Alan Sepinwall of HitFix wrote, "I've said in the past that Nic Pizzolatto seems more interested in the story of Cohle and Hart than in the story of this case. But as we draw ever closer to this season's conclusion, the plot and the characterization are starting to come into balance. It's possible that we're not going to truly understand who killed Dora Lange and why until we truly understand Rust and Marty and exactly what they’re capable of." Gwilym Mumford of The Guardian wrote, "A change of pace and then some in this dark and fast-paced episode. But just what is Rust talking about?" Sam Adams of IndieWire wrote, "Before the premiere of HBO's True Detective, writer Nic Pizzolatto told interviewers, 'The aspects of a police procedural don't interest me at all and I'm certainly not interested in serial killers or serial killer stories', which might lead one to wonder why he'd write a police procedural about the hunt for a serial killer. But with the fifth episode, 'The Secret Fate of All Life', the show, and the investigation it's built around, are starting to spiral outward, suggesting a universe, or universes, of alternate possibilities."

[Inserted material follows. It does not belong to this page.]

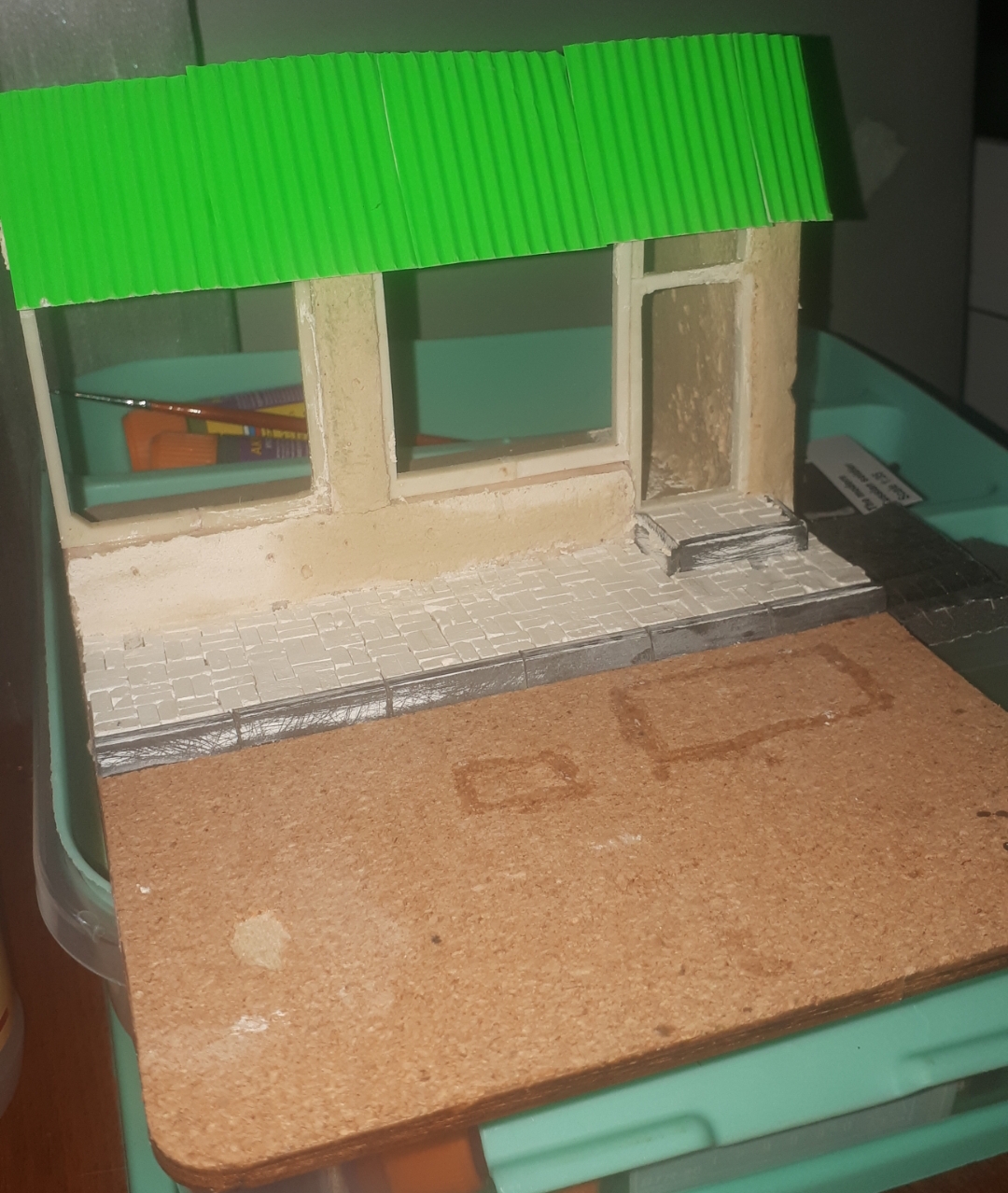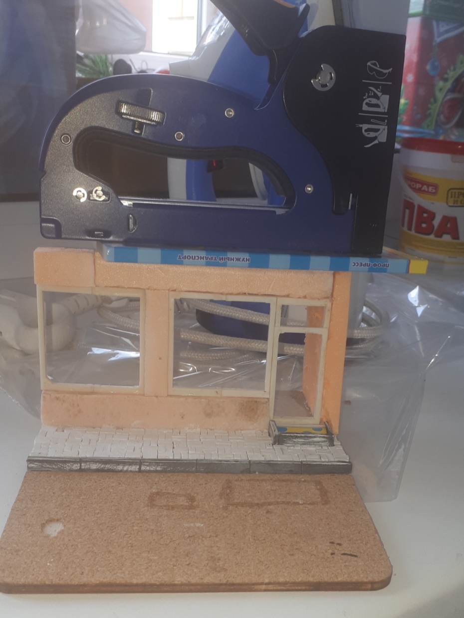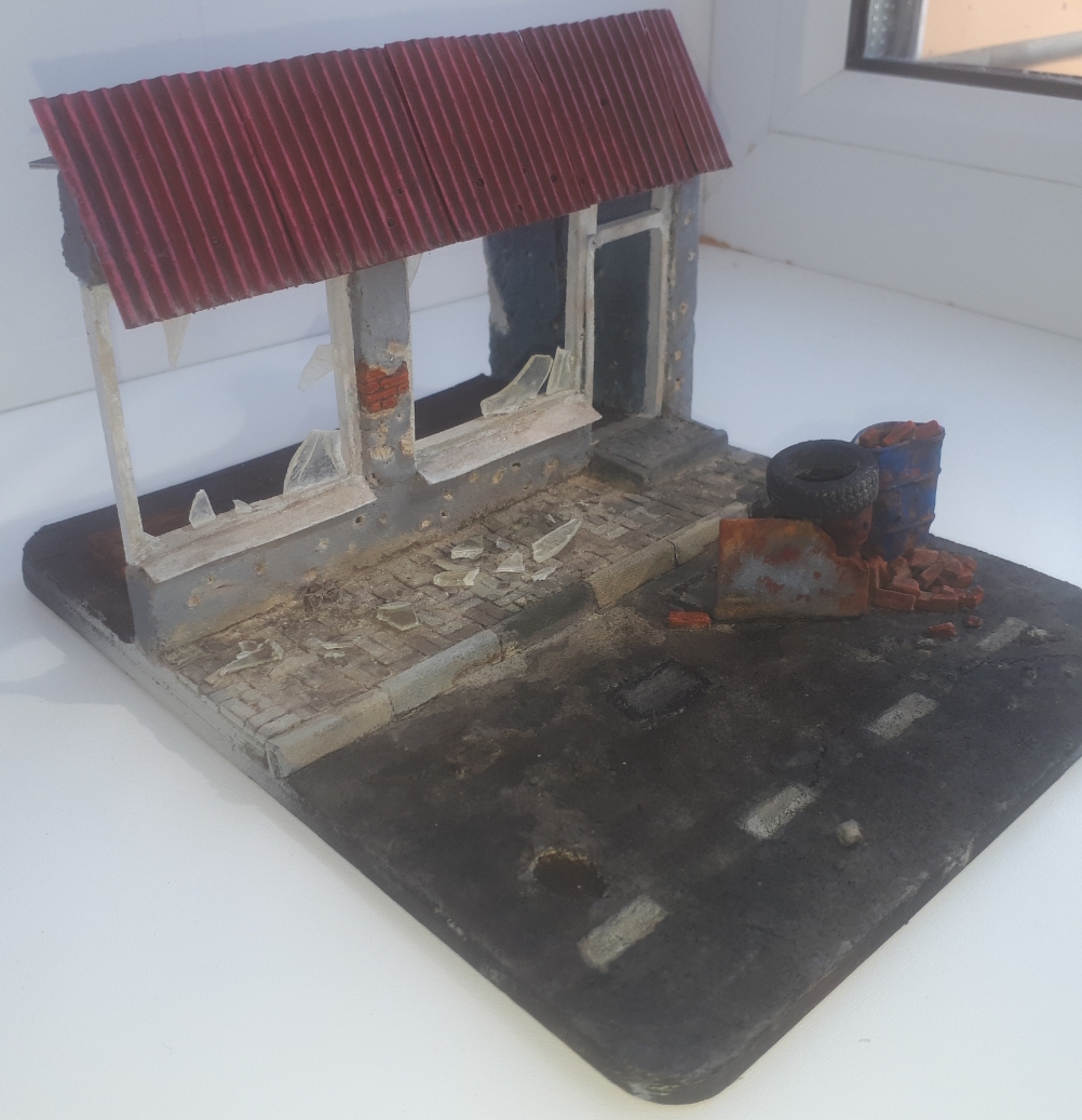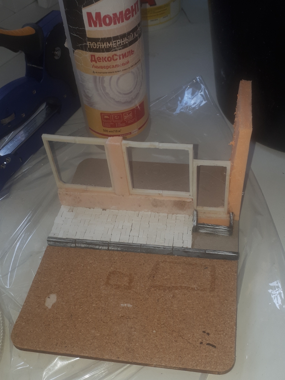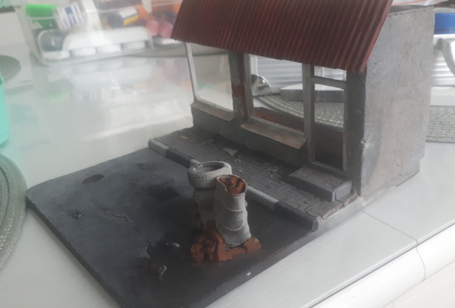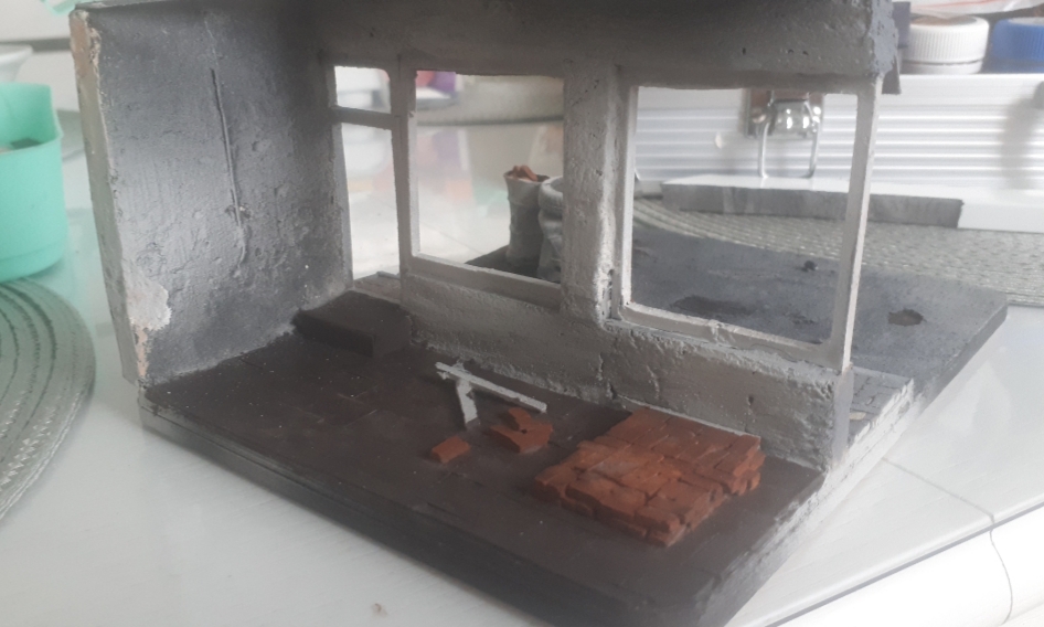После переезда не фоткал промежуточные этапы. До этого гуглил фото рахбитых зданий в донецке. Выкладываю последний вариант. Сегодня распаковал краски и саму диораму и продолжаю, пока дети спят)))

Kenny Herzog of Vulture gave the episode a perfect 5 star rating out of 5 and wrote, "Whatever Pizzolatto and Fukunaga are exploring in the friction between modern justice, personal relationships, and aeonian truths, it is resolving itself through a painstaking storytelling metamorphosis. In 'Secret Fate of Life', the build-up results in both closure and cause for anticipation, making the episode's narrative just the right amount to absorb." Tony Sokol of Den of Geek gave the episode a 4.5 star rating out of 5 and wrote, "Time is a flat circle. Everything we do or have ever done, we will do again. Those kids they found in the forest, Cohle thinks they're going to relive that nightmare over and over on some kind of mystical loop. Me? I'm going to watch the episode again. You wanna see something? Get a warrant." Shane Ryan of Paste gave the episode a 9.8 out of 10 and wrote, "We're caught in a masterpiece, and 'The Secrete [sic] Fate of All Life' was to speculation what the acorn is to the oak; both fruit and seed. In a breathless hour, we witnessed the subversion of a standard drama; first the climax, then the resolution, and then the mystery. It was riveting story, and beautiful imagery, and philosophical horror."

===Accolades===
For the episode, Nic Pizzolatto received an Outstanding Writing for a Drama Series nomination at the 66th Primetime Emmy Awards.